Along with mobilizing as many idle resources as possible, the challenge lies in how the sharing economy enterprises will really add value to these resources, according to Meng.

A tourist washes his tea set in a shared homestay in Xuanen County, central China's Hubei Province, on September 20, 2017 (XINHUA)

Manufacture-sharing rises

Despite the failure of a large number of sharing economy startups, many analysts remain optimistic about the market's long-term prospects.

The market size of China's sharing economy is expected to exceed 9 trillion yuan ($1.28 trillion) in 2020, compared to the current 7.36 trillion yuan ($1.05 trillion), according to a recent report from iiMedia Research, a Chinese firm specializing in data analysis service for new economic industries. The number of market participants totaled more than 760 million in 2018, including about 75 million service providers, it showed.

China's sharing economy covers a wide range of fields, from life services such as travel and accommodation to industrial production, agriculture and other production. So, which is the most vigorous one? According to the SIC report, sharing production capacity in manufacturing industries has become a new growth point. In 2018, the growth of production capacity sharing soared 97.5 percent year on year, the fastest in all sharing economy sectors.

The Shenyang Machine Tool Group Co. Ltd. set up a smart factory at an industrial park located in Shiyan City in Hubei, providing sharing services for intelligent manufacturing. By leasing machine tools via the Internet, startup enterprises can share expensive equipment and process their own spare parts.

The SIC report said as the infrastructure for sharing production capacity improves, it will become an important orientation for the innovative development of enterprises, offering the possibility of manufacturing without having to build self-owned workshops.

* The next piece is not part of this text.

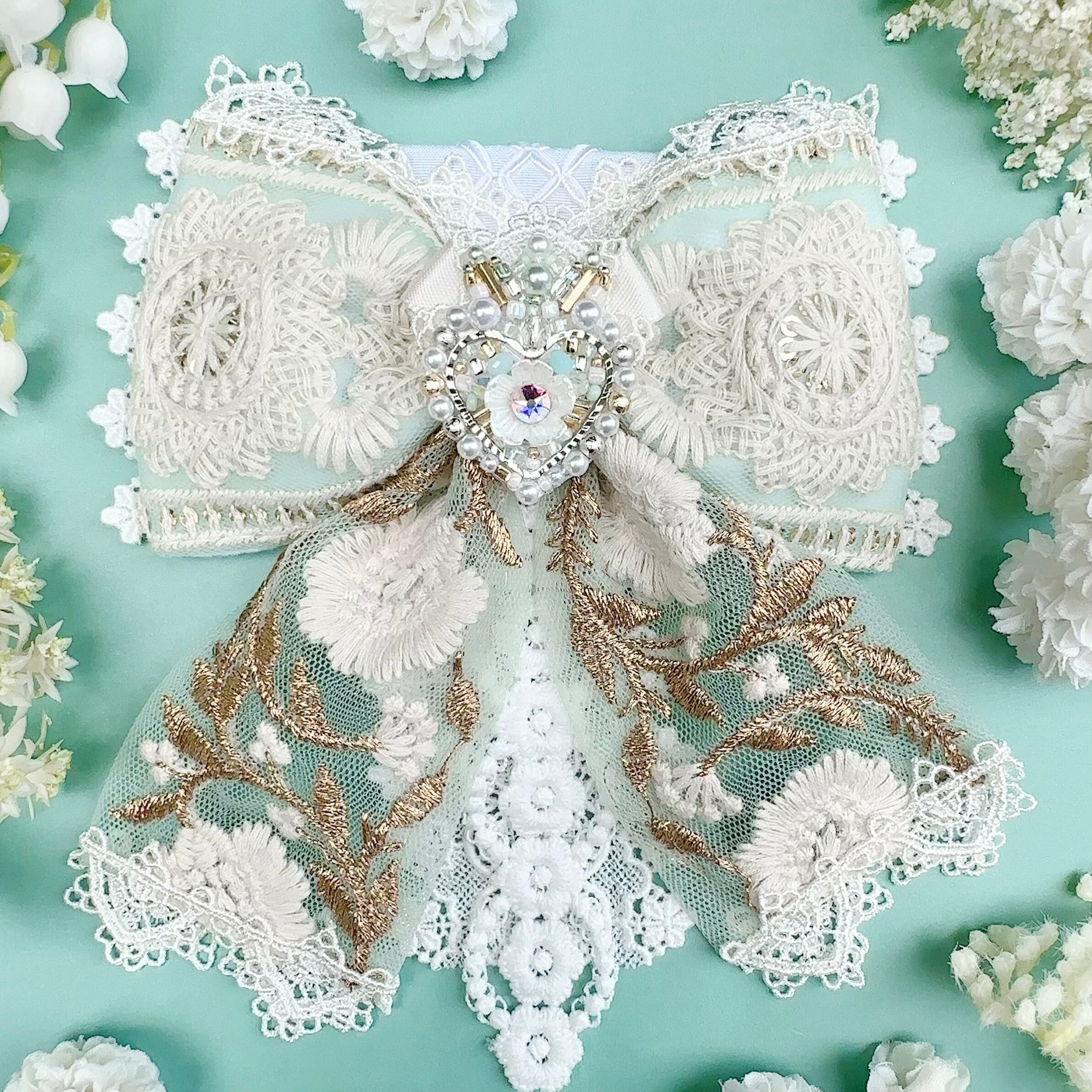 ※バレッタの金具が見えてしまわないように、正面から見て大幅に影響がないようにレースを使用する場合があります。

"By connecting China's advantages as a manufacturing power and an Internet power, sharing production capacity will greatly improve resource utilization efficiency, reconstitute the supply-demand structure and industrial organizations, and facilitate the development of micro, small and medium-sized enterprises," the report said. "As manufacturing industries become more Internet-based and intelligent, sharing production capacity will also play a more significant role in stimulating innovation and business startups, nurturing new business models and advancing supply-side structural reform."

The SIC estimated that in the next three years, the average annual growth of the sharing economy will go beyond 30 percent.

"Since the sharing economy is a combined innovation model integrating technologies, systems and organizations, it will significantly reduce costs by seeking partners, bargaining and ensuring the safety of transactions for both the supply and demand sides, and improving resource allocation efficiency. The sharing economy is far from fully playing its role, thus, the trend of its penetration in various sectors of the economy will remain unchanged," the report concluded.